Saturday, July 13, 2024


 The gloss wears off quickly

Tour de France 2024, Saturday 13 July, Stage 14 Pau - Pla D’Adet

By car: 0 km

By bike: 17 km

Tat: three hats (finally !), a sleep mask, a scarf and info of Béarn Region, two mini-screwdriver key rings, two bags of biscuit snacks, two bananas, some saucisson, and a cup of coffee.

A wonderful sleep at my air-conditioned B&B Hotel. I hope the Arkea B&B Hotel team slept as well in their Kyriad hotel down the road. Early bed and a good night’s sleep makes a big difference, and I was up and ready early.

So I cycle down to the start - a magnificent setting (admittedly next to Pau railway station) overlooked by the magnificent Boulevard des Pyrenees, an evocation of La Belle Époque. If you’re looking for Tour tat, getting to the sign-on early is obviously a key. I finally get a hat (or three), but realise that even a 09:30 start is was too late for the professionals - the French Granny. By the time I arrive, they already have two bags (themselves blagged of course) full of tat. I’ve seen them before, they hunt in packs, they’re far more nimble than you will ever be. It doesn’t matter what it is, if it’s being offered for free, grab it.


I wander over to the Senseo waggon for a coffee (as there’s a bit of a queue, the Grannies give this a wide berth - queueing is serious downtime in the hunt for tat) and chat to his assistant, who’s a proud Breton and insists on being shown how portable the Brompton is, and how it folds. They are suitably impressed.

But I’ve got a hat (a serious omission not to bring one, or blag one on day 1) and the attraction of  the rammy very soon wears off, and I head back up into the town. The gendarmerie here obviously have strict instructions to stop anyone cycling, and every couple of hundred metres or so I’m admonished for cycling on the piste cyclable when I’m the only person around.

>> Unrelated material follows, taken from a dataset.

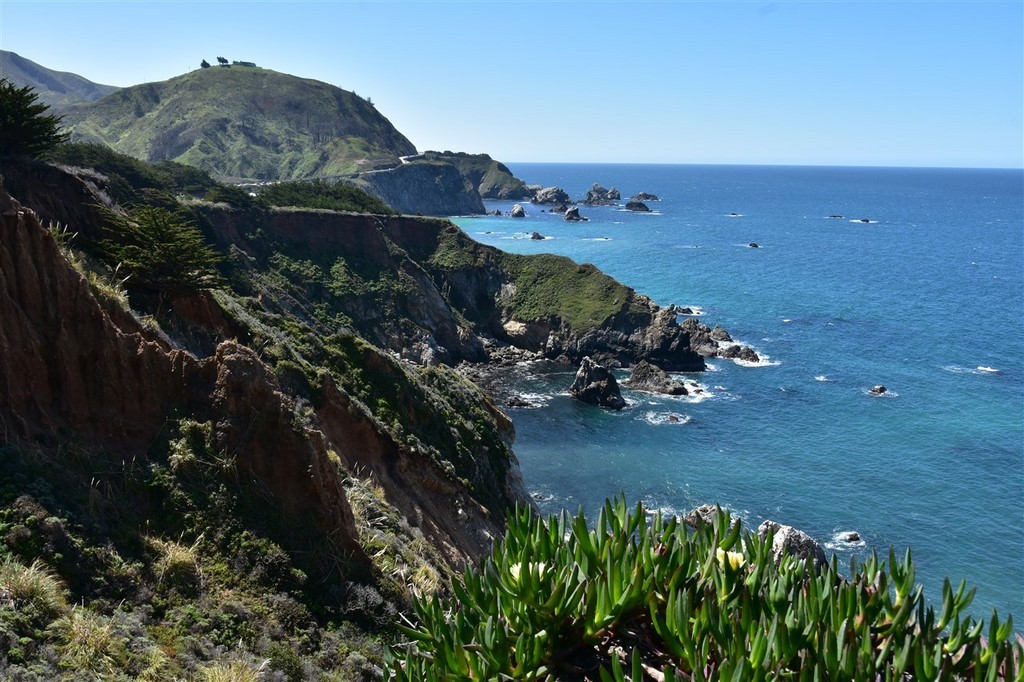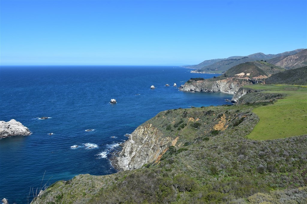 Nous prenons la route de Big Sur depuis Monterey. La route suit l’océan, avec un panorama de falaises, de rochers, de bleu et de blanc des vagues. Ah oui, on peut ajouter parfois le vert printanier de l’herbe. Nous faisons plusieurs arrêts pour profiter du paysage et prendre des photos.

Pau is a beautiful city, and an illustration of how, with a little careful thought, architectural styles from differing eras can sit alongside each other. I finally find a boulangerie and a cafe nearby, and sit in the sunshine, eating my pain au raisin and sipping my noisette. Pau has a modern indoor market, and next door is a large indoor area where anyone is welcome to come and sell their local produce on a Saturday. Deals are struck, bargains had, and acquaintances renewed. There’s life, warmth, personality and smiles in this city centre. I’m also struck how clean everywhere is - even in the start area. Everyone shares a duty and pride in keeping the place spick and span. 

I wander back down to the Boulevard des Pyrenees, and realise this is a better plan for my days next year. Travel to a spot for the day, perhaps see something of the local area, watch yesterday’s highlights programme - it’s so easy to lose the whole story of the race when you just see a snapshot of the race and the headline results during the day. After the riders have passed, get to your next accommodation as soon as you can, get a good meal and an early sleep.

I watch the depart fictif wend its way below me, and then back and immediately past me. And that’s it. For me, it’s a cycle back to the car, and nearly three hours drive home, for the riders, a weekend of dramatic riding in the Pyrenees. Next year I will be following them there.